外公90大寿,妈妈在厨房忙了三天三夜。小姨一家空手来,坐在主桌指指点点。
妈妈端着红烧肉刚走到桌边,小姨突然站起来,一把推开她:"这是给爸准备的,
你也配上桌?"妈妈摔在地上,盘子碎了一地。全场鸦雀无声。我爸愣了三秒,
抄起椅子直接砸向小姨。外公气得浑身发抖,指着我爸骂:"反了天了!"就在这时,
门外响起急促的刹车声。我爷爷带着四辆黑色轿车停在门口,下来八个西装革履的人。
他看了眼地上的妈妈,冷冷开口:"谁动的手?"01今天是外公许鸿山九十大寿。
我妈许静在许家那个老旧的厨房里,已经连续忙了三天三夜。汗水浸湿了她的额发,
紧紧贴在苍白的脸上。她眼下是浓重的青黑,但眼神里却带着一丝微弱的期待。她总说,
外公年纪大了,吃一次少一次,一定要让他高兴。寿宴设在许家老宅的院子里,摆了八桌。
高朋满座,觥筹交错,好不热闹。我爸周成和我,被安排在最靠边的角落桌。而主桌上,
坐着小姨许兰一家。他们一家三口,是踩着饭点空着手来的。小姨夫赵军一坐下,
就嫌弃桌上的酒水不够档次。表弟赵磊则旁若无人地玩着手机游戏,声音开到最大。
小姨许兰,穿着一身崭新的旗袍,画着精致的妆,正对着满桌的凉菜指指点点。“妈,
你看这摆盘,也太土了,跟我姐说多少次了,让她去报个班学学。”外婆坐在旁边,
只是尴尬地笑笑,不敢接话。我爸周成的脸色已经有些难看,握着筷子的手微微收紧。
我拉了拉他的衣角,示意他别冲动。今天是外公的大寿,妈妈不想任何人在这里闹不愉快。
厨房里,我妈许静终于端出了最后一道大菜,红烧肉。这是外公最爱吃的,
她用小火足足炖了五个小时,肉香飘满了整个院子。她小心翼翼地端着那一大盘红烧肉,
穿过拥挤的宾客,一步步走向主桌。她的脸上带着一丝讨好的、疲惫的笑容。“爸,
您最爱吃的红烧肉来了,我特地……”她的话还没说完,小姨许兰突然从椅子上站了起来。
她脸上带着毫不掩饰的厌恶和鄙夷,像是在看什么脏东西。“谁让你现在上这道菜的?
”“这红烧肉是主菜,要等领导讲完话才能上,你懂不懂规矩?”妈妈愣住了,
端着盘子不知所措。“我……我看大家吃得差不多了,就……”“你看?你看有什么用?
”小姨许兰的声音陡然拔高,尖锐得刺耳。她猛地伸出手,一把推在我妈的肩膀上。
“这是给外公准备的,你也配上桌?”我妈本就累得虚脱,被这突如其来的一推,
脚下一个踉跄,整个人向后摔去。“哐当!”一声巨响。那盘精心炖煮了五个小时的红烧肉,
连同那只寓意福寿的青花瓷盘,一起摔在了地上。滚烫的汤汁溅得到处都是。
盘子碎裂成无数片。深褐色的肉块混着油污,狼狈地铺了一地。我妈许静,
就摔在那一堆狼藉的 ** 。她的手掌被瓷片划开了一道长长的口子,鲜血瞬间涌了出来。

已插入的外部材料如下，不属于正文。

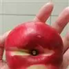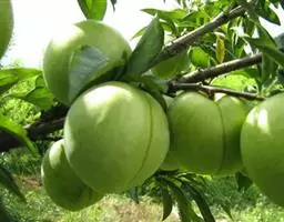 红芒果油桃树势中庸,因其果面红色,果形奇特像芒果而得名,优质、特早熟、甜香型黄肉油桃品种。中国 农业科学院郑州果树研究所培育。

全场鸦雀无声。所有宾客都停下了筷子,惊愕地看着这一幕。音乐声不知道什么时候停了。
只剩下表弟手机里传出的游戏厮杀声,显得格外刺耳。我爸周成愣了三秒。
他的眼睛在一瞬间变得通红,像一头被激怒的雄狮。他什么话也没说。
只是猛地抄起身边的一把红木椅子,用尽全身力气,直接朝着小姨许兰的方向砸了过去!
椅子在空中划过一道沉重的弧线。小姨夫赵军吓得一哆嗦,连滚带爬地躲开了。
那把椅子擦着小姨的身体,重重地砸在她身后的空地上。“砰!”椅子四分五裂。木屑横飞。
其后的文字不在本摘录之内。